Records from a collection:
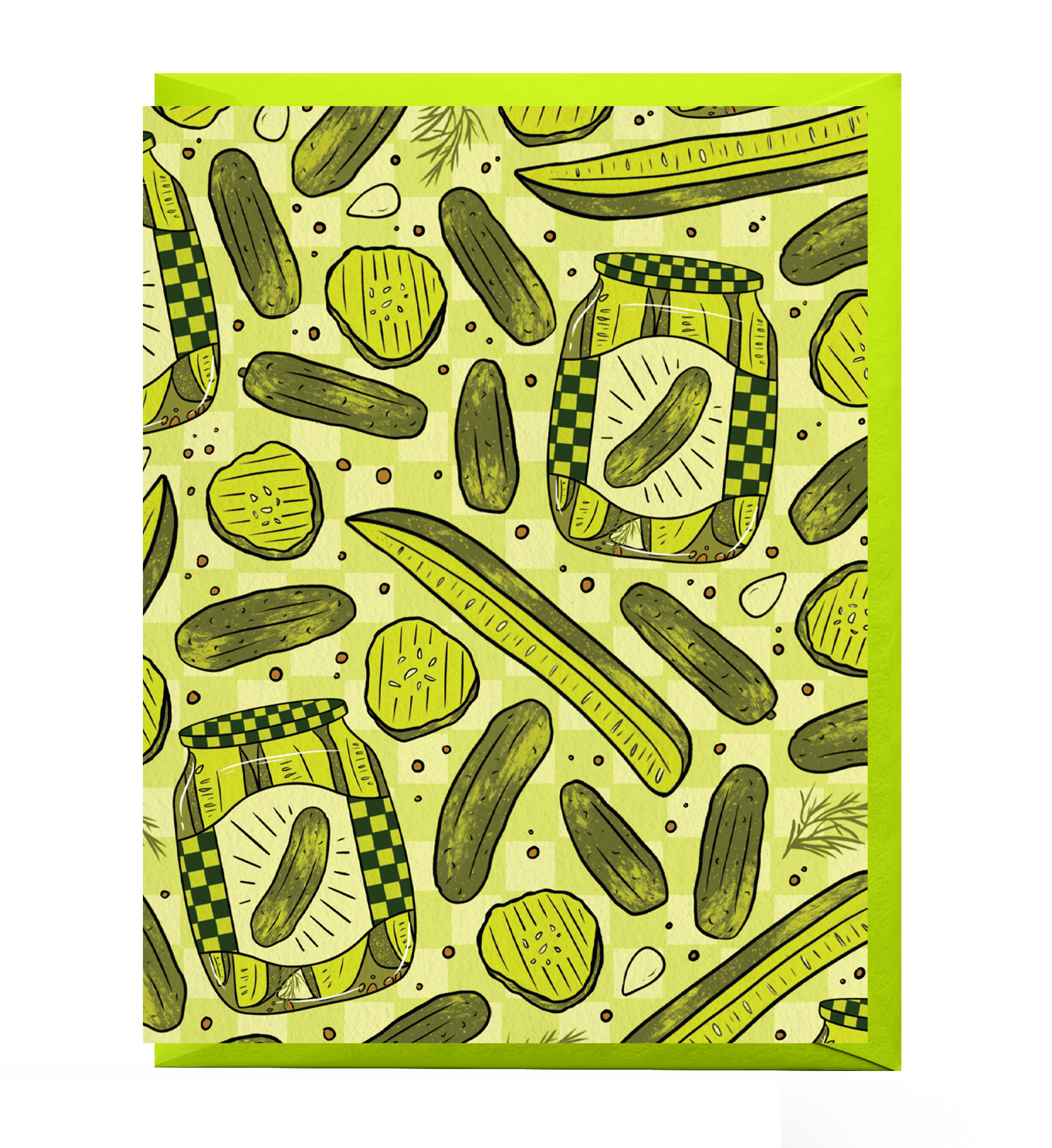 Card is blank and features a repeating pattern of pickle jars, pickle slices and spears in a green checkerboard motif.
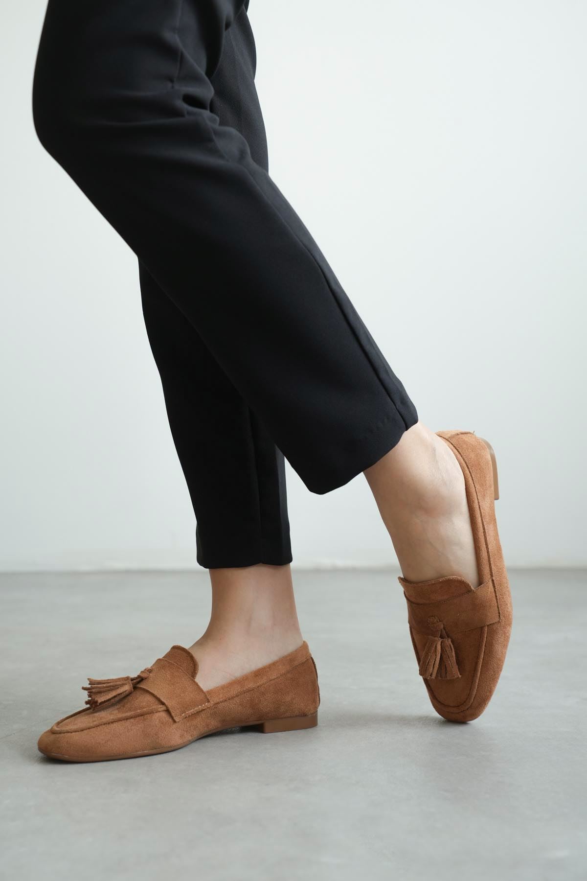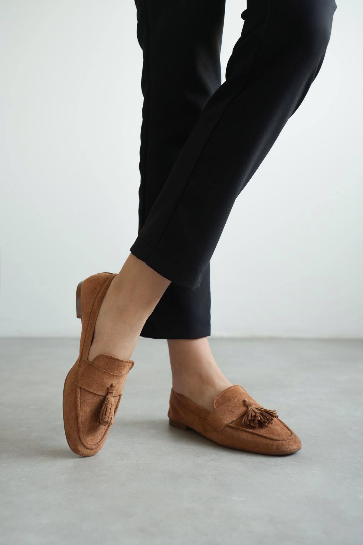 Kadın Boos Düz Taban Püsküllü Babet - Taba Süet
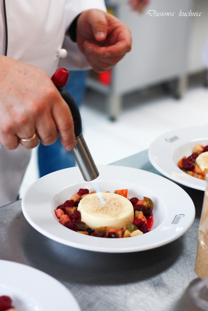 Pomarańczę sparzyć wrzątkiem, zetrzeć z niej skórkę, wycisnąć sok i dodać do garnka.
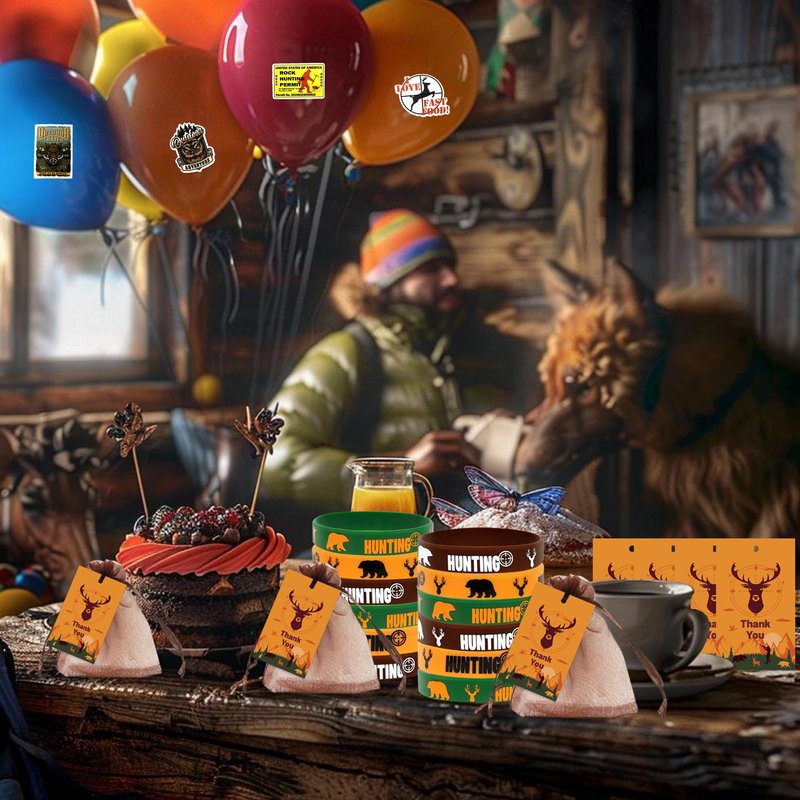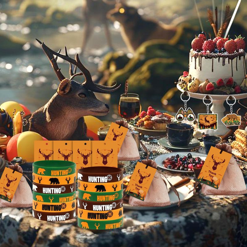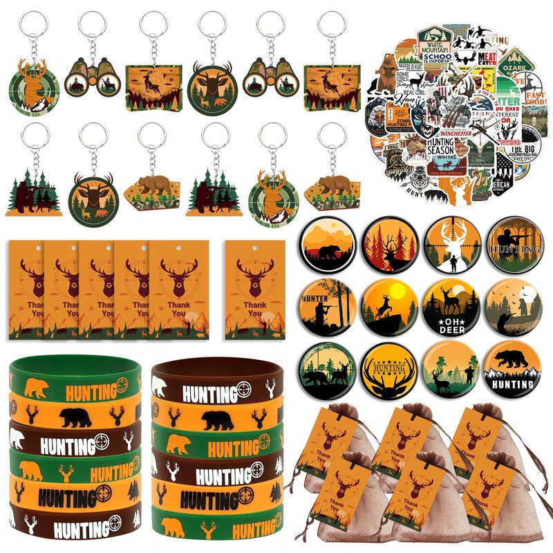Tazimi 110 PCS Hunting Party Favors Hunting Birthday Party Supplies Camo Party Favors with Hunting Keychains Stickers Rubber Bracelets Button Pins and Bags for Hunting Theme Party
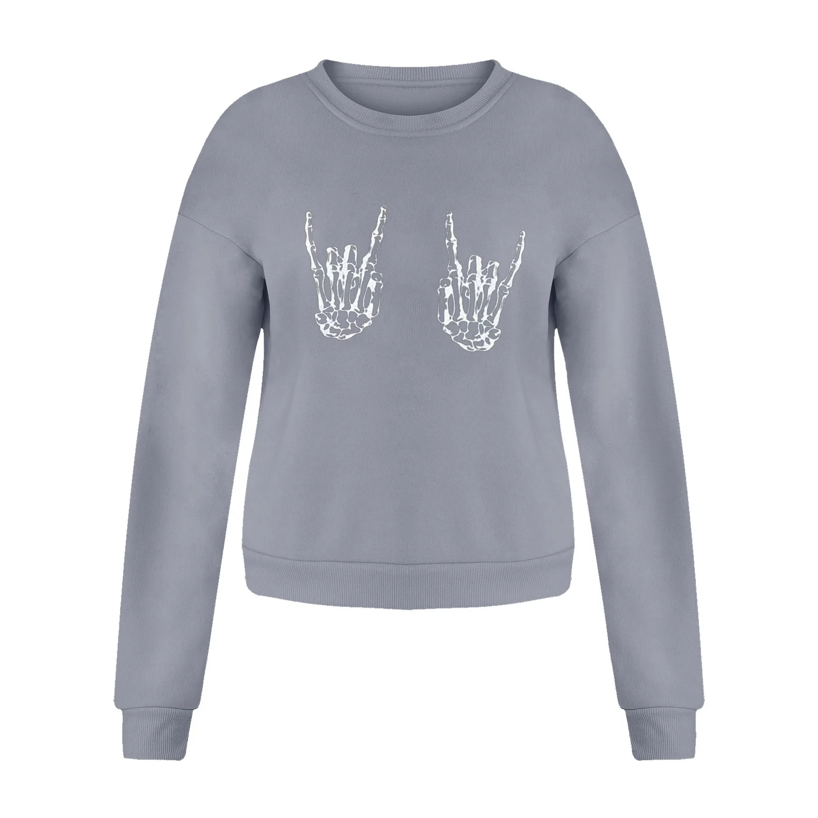 Женский свитер с принтом черепа, Кофта большого размера с длинным рукавом и круглым вырезом в Корейском стиле
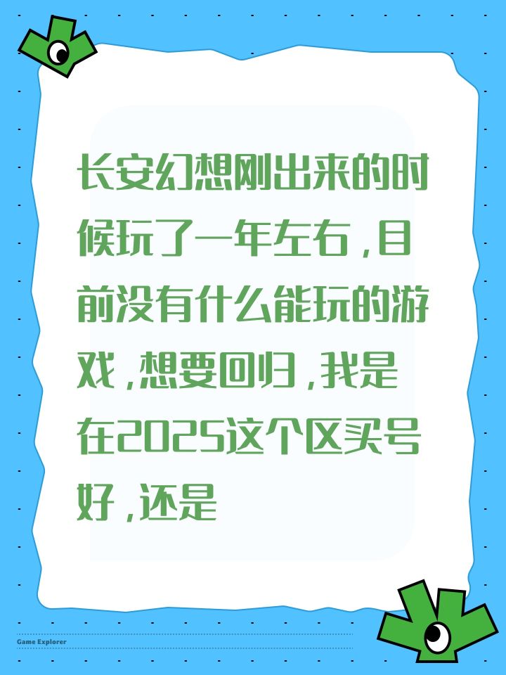 长安幻想刚出来的时候玩了一年左右,目前没有什么能玩的游戏,想要回归,我是在2025这个区买号好,还是在2026这个区买号好?求大佬们告知。
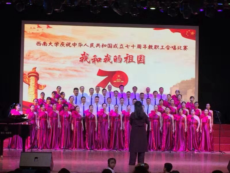 9月27日下午,“我和我的祖国——h漫 庆祝中华人民共和国成立七十周年教职工合唱比赛”在光大礼堂举行,来自全校各工会的37个合唱团在此汇聚,用澎湃的歌声唱响新时代强音,献礼中华人民共和国七十华诞。由h漫 和文化与社会发展学院工会组成的合唱,荣获比赛二等奖。
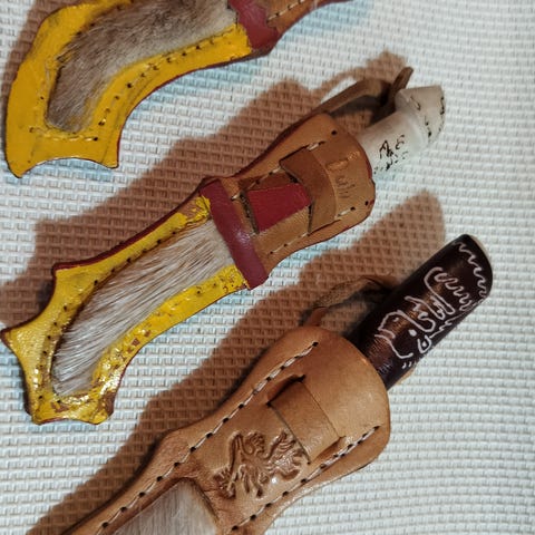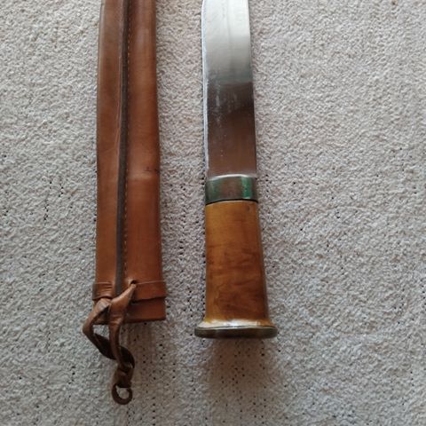 Pieni vintage matkamuisto, puukko ja tuppi. Liekö kahva ihan jotain luuta tms???

TASK DIRECTIONS: Output every entry word for word, but omit the pictures.

RESPONSE FOR THIS EXERCISE:
 Card is blank and features a repeating pattern of pickle jars, pickle slices and spears in a green checkerboard motif.
 Kadın Boos Düz Taban Püsküllü Babet - Taba Süet
 Pomarańczę sparzyć wrzątkiem, zetrzeć z niej skórkę, wycisnąć sok i dodać do garnka.
Tazimi 110 PCS Hunting Party Favors Hunting Birthday Party Supplies Camo Party Favors with Hunting Keychains Stickers Rubber Bracelets Button Pins and Bags for Hunting Theme Party
 Женский свитер с принтом черепа, Кофта большого размера с длинным рукавом и круглым вырезом в Корейском стиле
 长安幻想刚出来的时候玩了一年左右,目前没有什么能玩的游戏,想要回归,我是在2025这个区买号好,还是在2026这个区买号好?求大佬们告知。
 9月27日下午,“我和我的祖国——h漫 庆祝中华人民共和国成立七十周年教职工合唱比赛”在光大礼堂举行,来自全校各工会的37个合唱团在此汇聚,用澎湃的歌声唱响新时代强音,献礼中华人民共和国七十华诞。由h漫 和文化与社会发展学院工会组成的合唱,荣获比赛二等奖。
 Pieni vintage matkamuisto, puukko ja tuppi. Liekö kahva ihan jotain luuta tms???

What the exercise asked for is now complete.